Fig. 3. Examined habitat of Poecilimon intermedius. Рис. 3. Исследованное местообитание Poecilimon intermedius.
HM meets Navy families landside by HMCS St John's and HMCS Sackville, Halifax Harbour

* * *

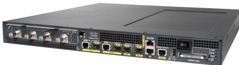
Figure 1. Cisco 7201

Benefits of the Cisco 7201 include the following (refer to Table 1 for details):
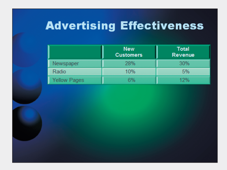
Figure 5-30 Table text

...

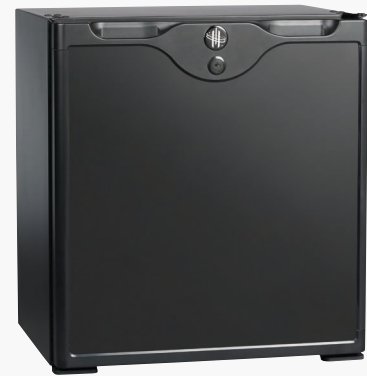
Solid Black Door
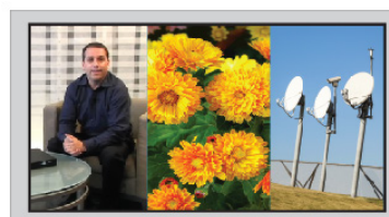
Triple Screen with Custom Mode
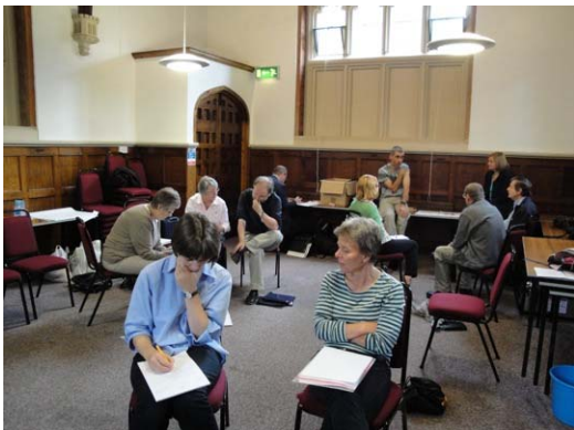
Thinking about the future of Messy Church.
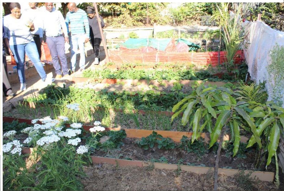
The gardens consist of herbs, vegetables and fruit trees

WORK TO COMPLETE: In the listing above, find the line with "Figure 1. Cisco 7201" and output it and every line after it up to and including the line with "Figure 5-30 Table text", exactly, minus the pictures.

EXERCISE RESPONSE:
Figure 1. Cisco 7201

Benefits of the Cisco 7201 include the following (refer to Table 1 for details):
Figure 5-30 Table text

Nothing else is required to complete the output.